** Opening Input data block **
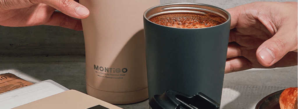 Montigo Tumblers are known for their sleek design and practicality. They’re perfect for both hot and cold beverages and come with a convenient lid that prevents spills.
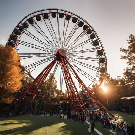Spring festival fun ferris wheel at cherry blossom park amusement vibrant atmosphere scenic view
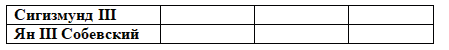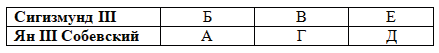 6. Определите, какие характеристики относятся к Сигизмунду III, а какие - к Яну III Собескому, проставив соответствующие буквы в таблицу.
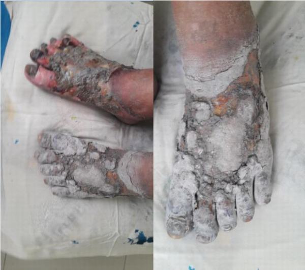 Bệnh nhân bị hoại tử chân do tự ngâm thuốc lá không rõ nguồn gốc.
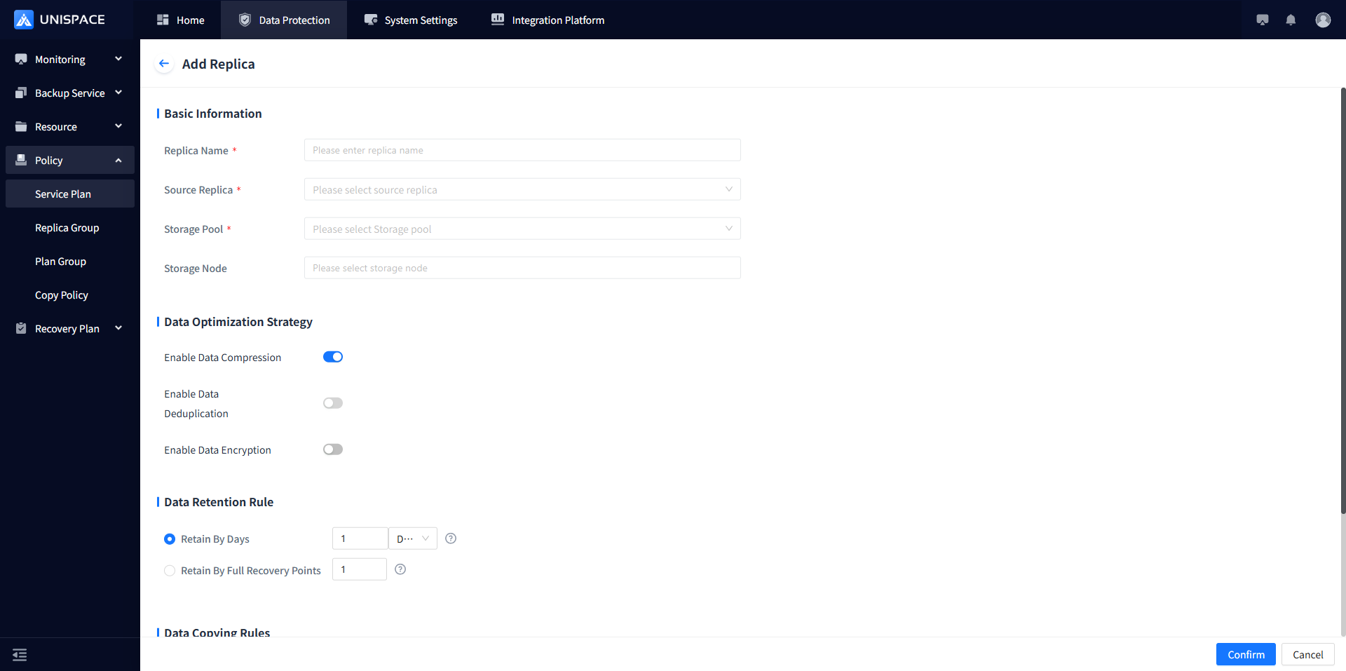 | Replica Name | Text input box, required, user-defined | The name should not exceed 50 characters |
** Closing Input data block **
*Exercise objective*
Repeat only the stretch of data above that runs from the line with "Spring festival fun" to the line with "6. Определите, какие". Keep both end lines; exclude pictures.

*Result of the task*
Spring festival fun ferris wheel at cherry blossom park amusement vibrant atmosphere scenic view
 6. Определите, какие характеристики относятся к Сигизмунду III, а какие - к Яну III Собескому, проставив соответствующие буквы в таблицу.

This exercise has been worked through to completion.